The answer consists of the lines from the line holding "Das Sportlerheim in" through the last line of the entries, retyped exactly, and nothing else. No pictures belong in it.
= Beginning of Section =
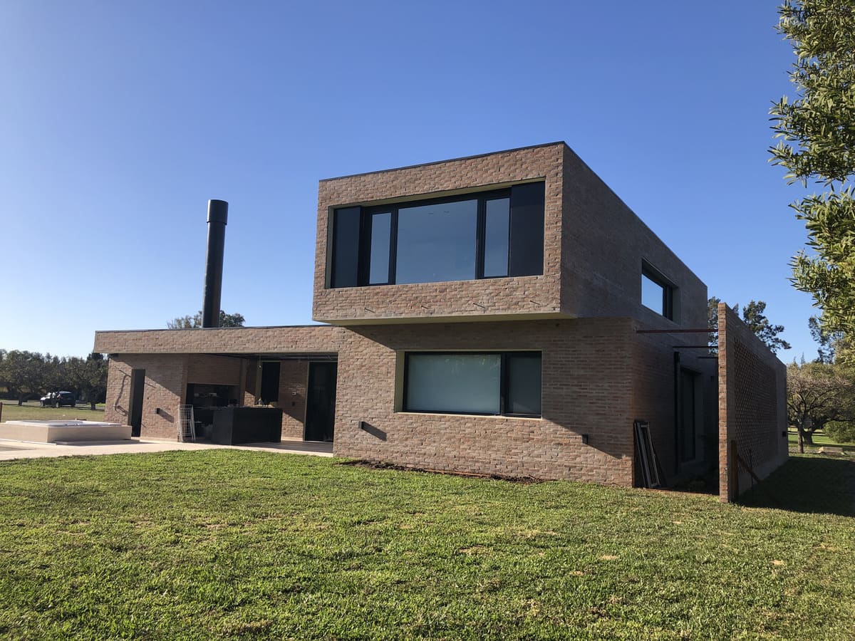 La obra inició con una platea en fundaciones acompañado con estructura de hormigón visto de vigas, columnas y losa en entrada vehicular y galería, con tabiques en sector de la parrilla continuando con la obra realizamos toda la mampostería y las terminaciones interiores y exteriores. En las terminaciones interiores se realizó colocación de porcelanato en todo los pisos y pintura blanca satinada en todas las paredes y techos. En las terminaciones exteriores se realizó revoque proyectable acompañado con revestimiento texturado tarquini color natural por otro lado en las entradas vehicular y peatonal se hizo un acabado de hormigón alisado con marmolina.
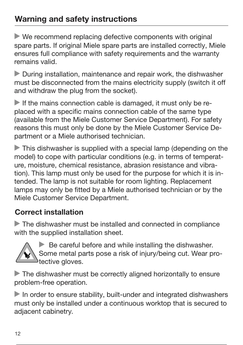spare parts. If original Miele spare parts are installed correctly, Miele
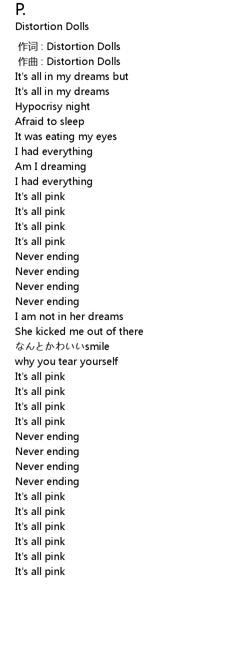| [00:01.000] | zuò qǔ : Distortion Dolls |
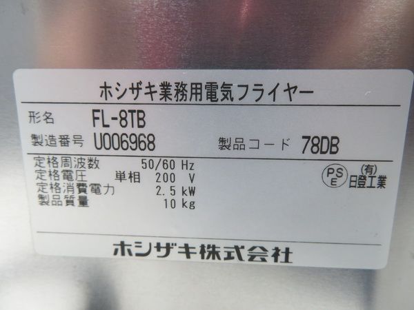◆ホシザキ 2019年◆卓上電気フライヤー FL-8TB 単相200V 265×441×321 サイズ:W265×D441×H321(mm) 電 源:単相200V 油 量:標準8L(最低5L~最高9L) 製品質量:10kg 定 価:218,000円+税 ご参考メーカーホームページはこちらです。よろしければご覧下さい! 出品にあたり動作確認・クリーニング済みです。 多少の傷・使用感等がありますので、予めご了承ください。 中古品ですので、画像をよくご確認の上、ご理解頂ける方のご入札をお願いいたします。 神経質な方はご入札をご遠慮ください。 気持ちの良いお取り引きにしたいと思いますので、ご不明な点等ございましたらお気軽にご質問ください。 | |
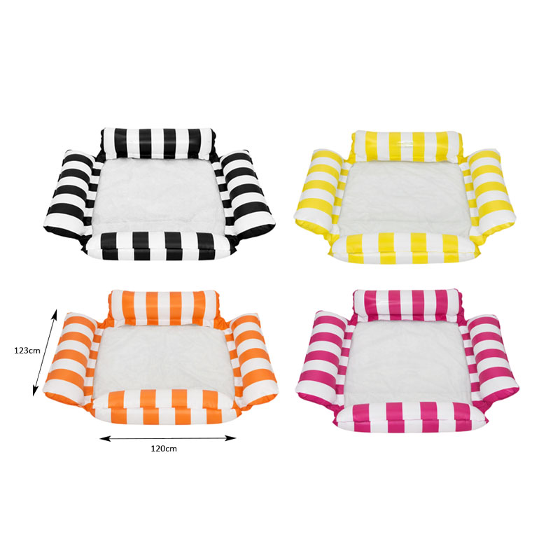 Απολαύστε στιγμές χαλάρωσης στη θάλασσα ή την πισίνα με αυτή τη φουσκωτή πολυθρόνα θαλάσσης με ενσωματωμένο δίχτυ καθίσματος. Διαθέτει άνετη πλάτη και μπράτσα για μεγαλύτερη στήριξη, ενώ το διχτυωτό κέντρο επιτρέπει στο νερό να σας δροσίζει, προσφέροντας ευχάριστη και ξεκούραστη εμπειρία τις ζεστές καλοκαιρινές ημέρες. Οι διαστάσεις της είναι περίπου 120x123cm, προσφέροντας επαρκή χώρο για άνετη χρήση.
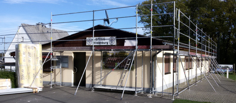 Das Sportlerheim in Schauren wurde rundum „eingerüstet“. Das ist ein deutliches Zeichen, dass die Dachdeckerfirma Burkard aus Bernkastel-Wehlen mit den Arbeiten am Dach beginnt. Wenn das Wetter mitspielt, soll die Dachsanierung innerhalb einer Woche abgeschlossen werden. (ul)
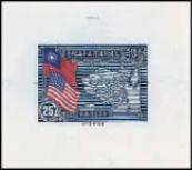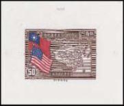 and imperforate master die proof of 5c, with flags blank, printed in green on soft white paper (57 x 42mm).
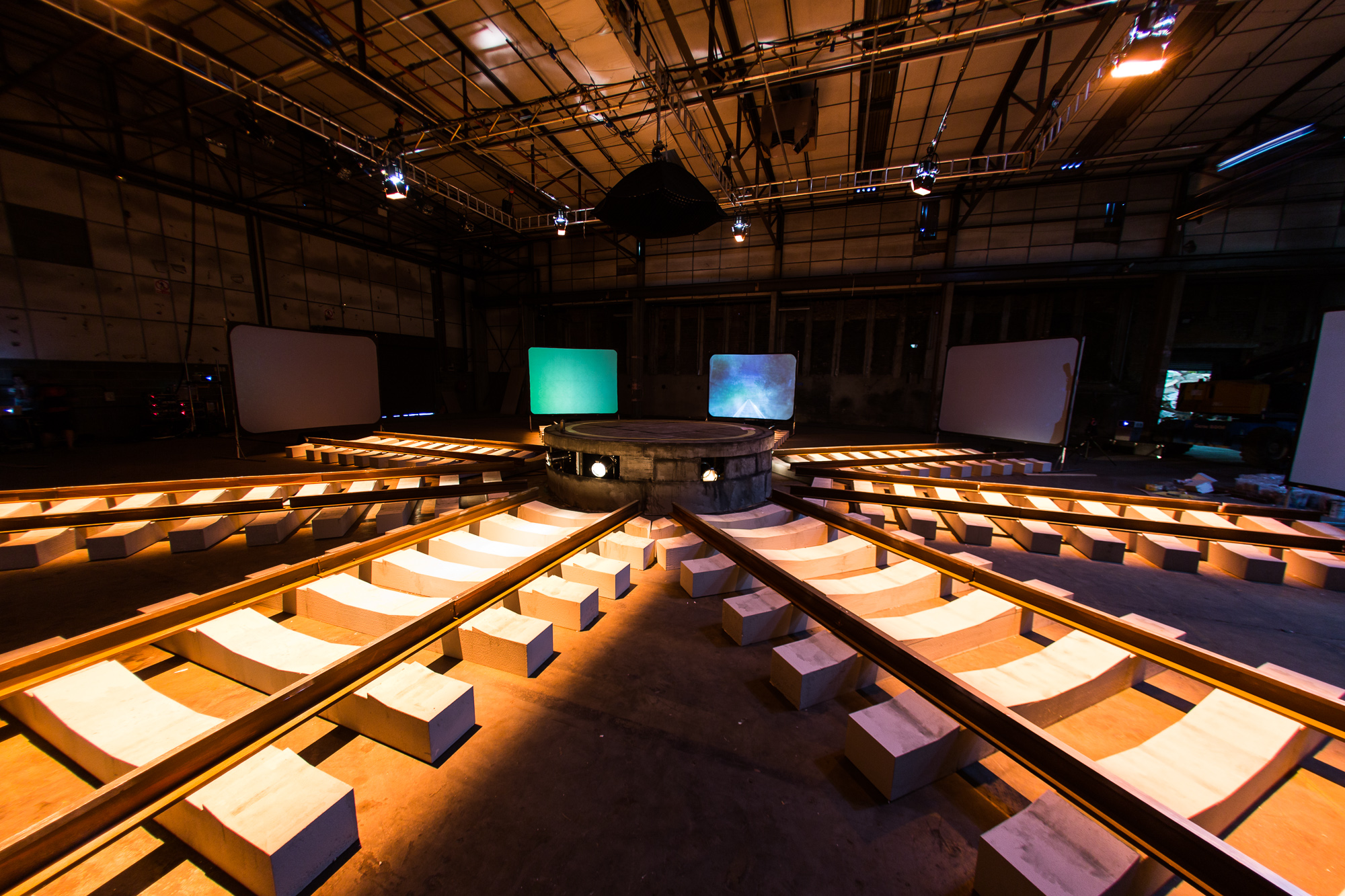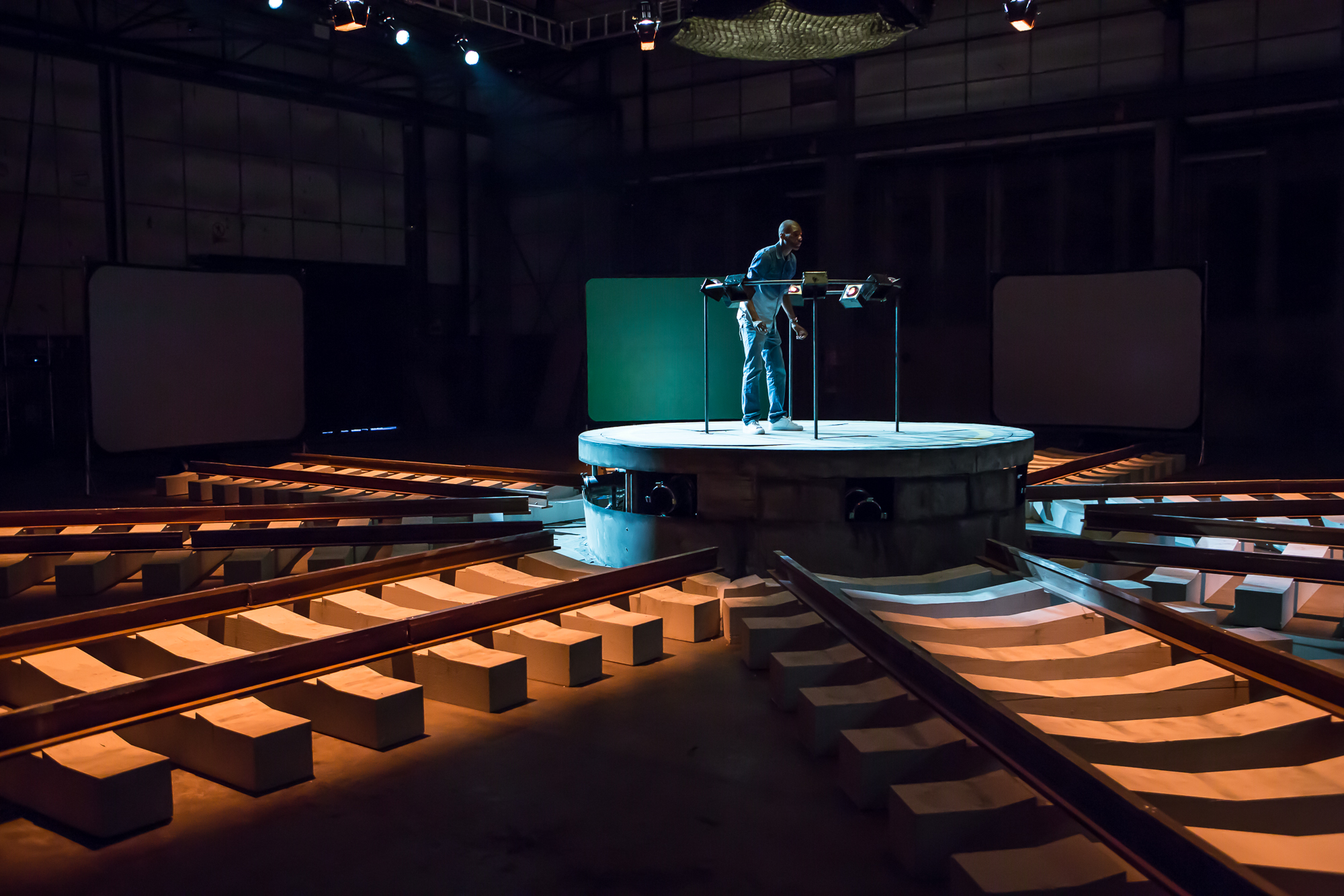 In this instance of course, it’s not a real train. The artists stand in a warehouse where a mocked-up railway with a ‘spoke’ of tracks has been built. Sound engineers have created a 360 degree surround-sound system to recreate the noise of an approaching train with other distracting noises such as wind and traffic.
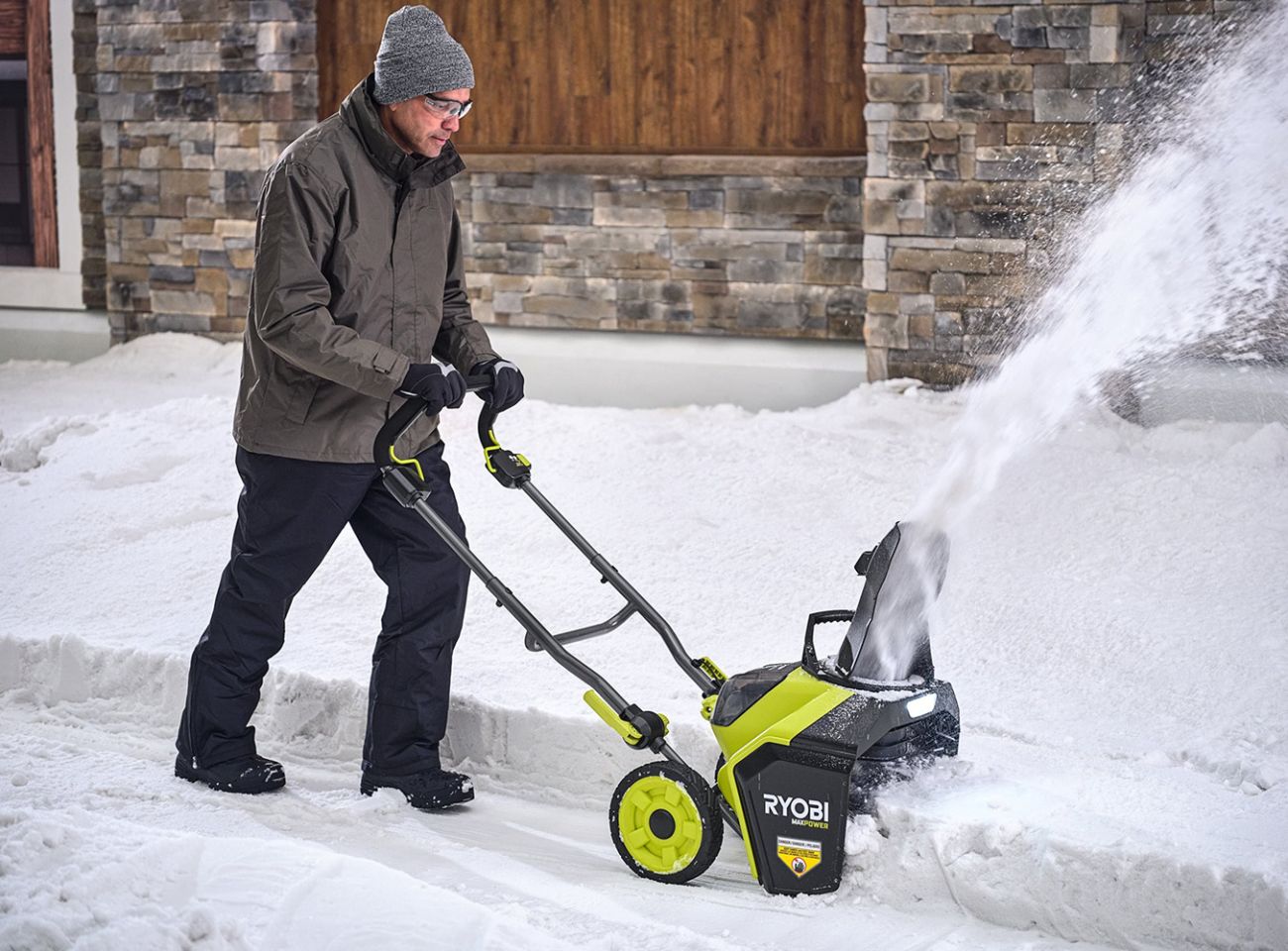Aku sněhová fréza RYOBI RY36STX45A-140 , 36 V Li-ion / 4.0 Ah, šířka záběru 45 cm, hmotnost 21,32 kg.
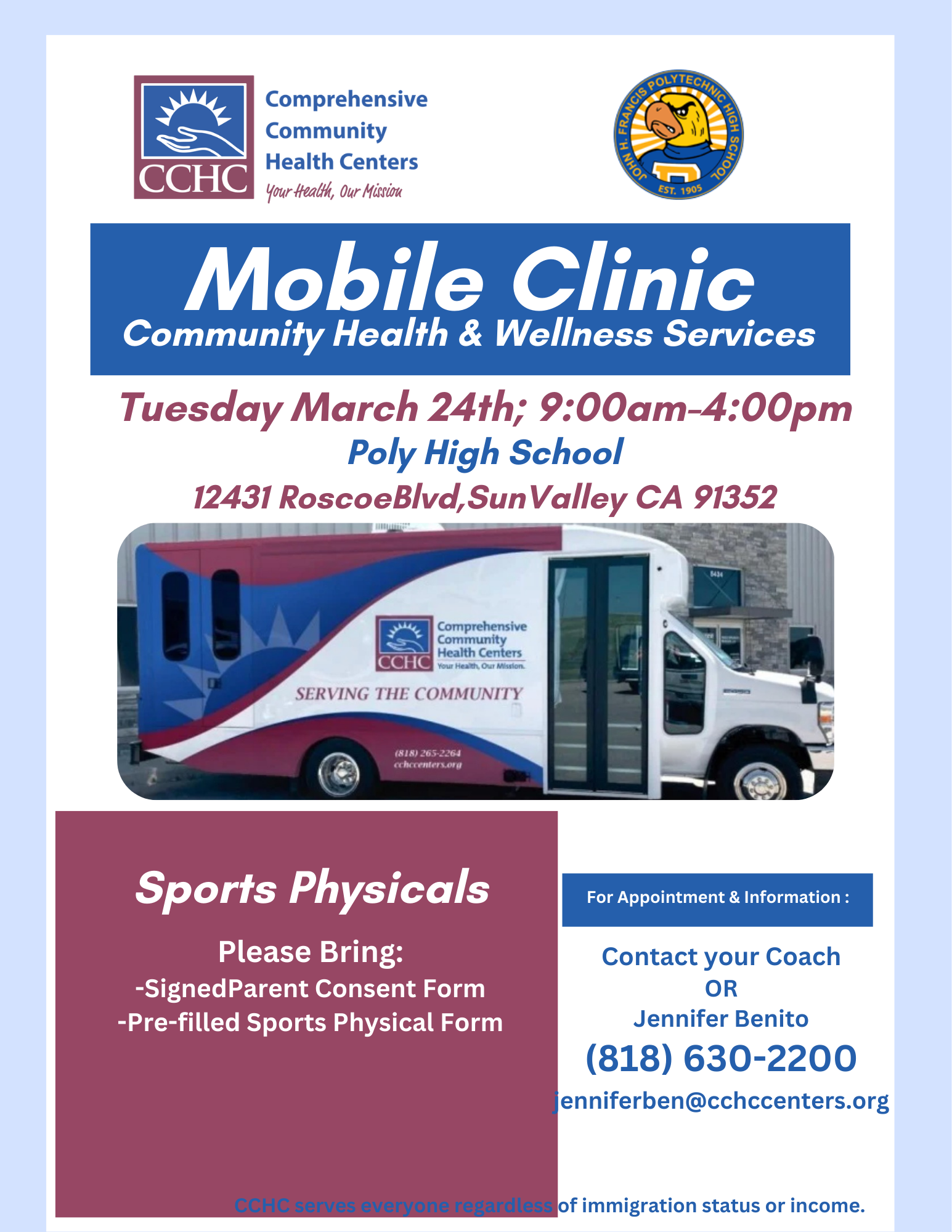 Mobile Clinic - FREE Physicals 3/24/2026 9:00am-4:00pm
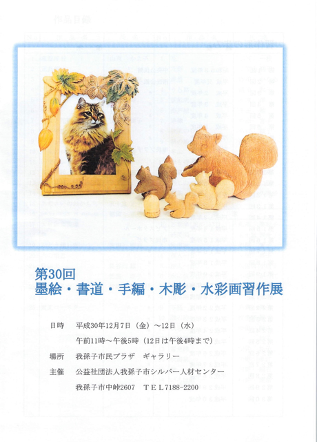 第30回 墨絵・書道・手編・木彫・水彩画習作展が開催されます。
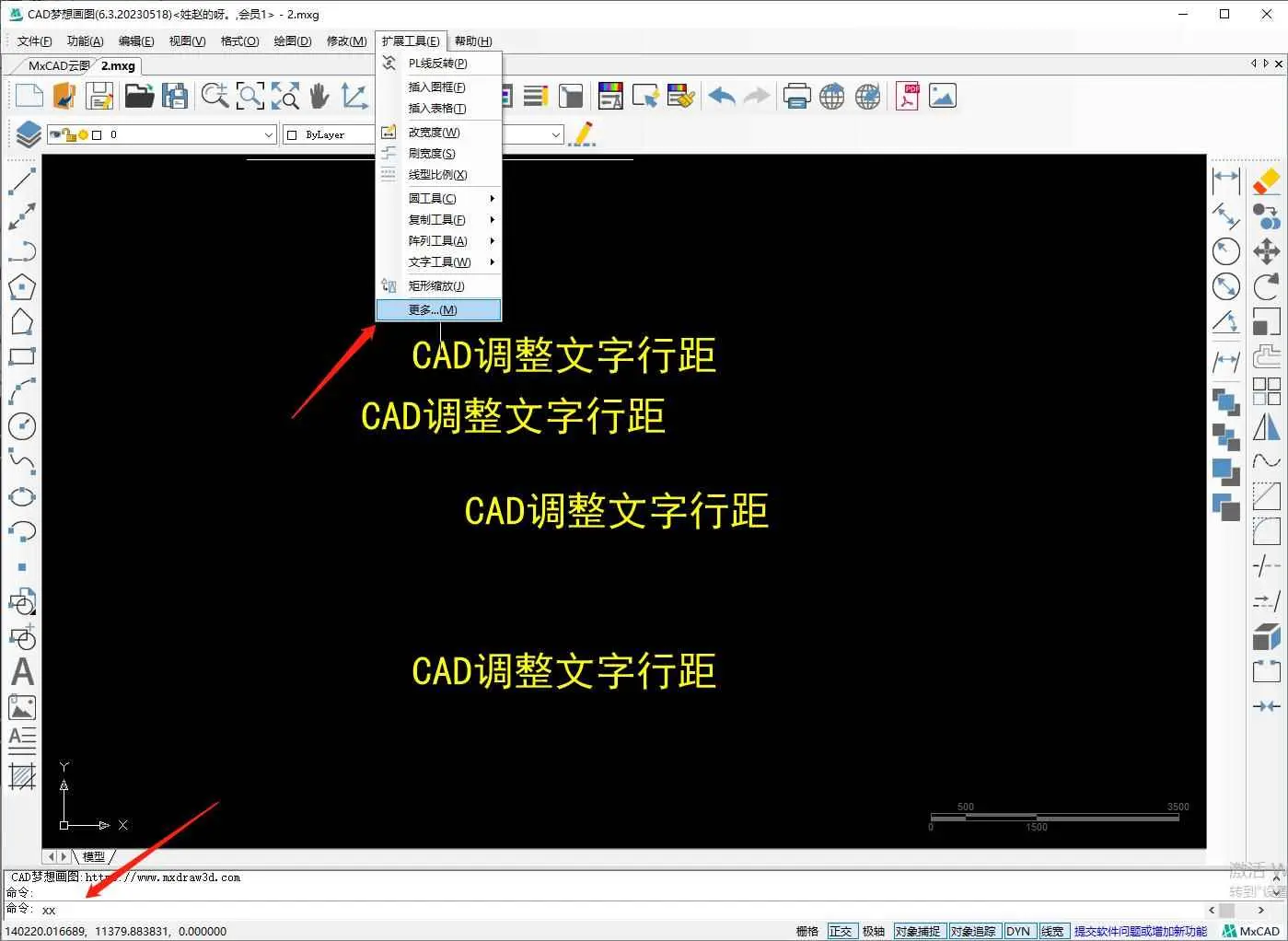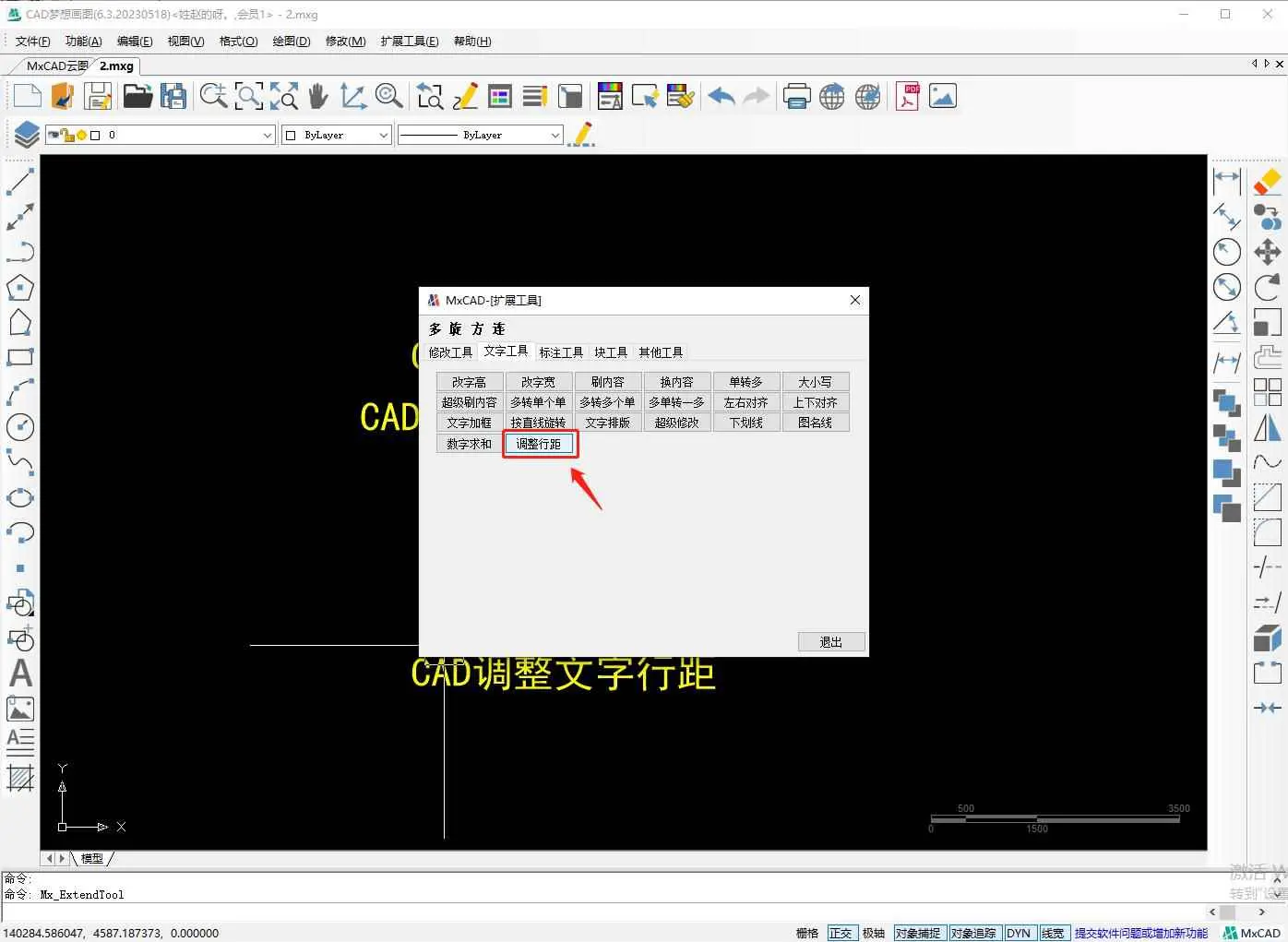 2.在打开的“扩展工具”里面找到“文字工具”下的“调整行距”功能
= End of Section =
▶ Answer to the problem:
 Das Sportlerheim in Schauren wurde rundum „eingerüstet“. Das ist ein deutliches Zeichen, dass die Dachdeckerfirma Burkard aus Bernkastel-Wehlen mit den Arbeiten am Dach beginnt. Wenn das Wetter mitspielt, soll die Dachsanierung innerhalb einer Woche abgeschlossen werden. (ul)
 and imperforate master die proof of 5c, with flags blank, printed in green on soft white paper (57 x 42mm).
 In this instance of course, it’s not a real train. The artists stand in a warehouse where a mocked-up railway with a ‘spoke’ of tracks has been built. Sound engineers have created a 360 degree surround-sound system to recreate the noise of an approaching train with other distracting noises such as wind and traffic.
Aku sněhová fréza RYOBI RY36STX45A-140 , 36 V Li-ion / 4.0 Ah, šířka záběru 45 cm, hmotnost 21,32 kg.
 Mobile Clinic - FREE Physicals 3/24/2026 9:00am-4:00pm
 第30回 墨絵・書道・手編・木彫・水彩画習作展が開催されます。
 2.在打开的“扩展工具”里面找到“文字工具”下的“调整行距”功能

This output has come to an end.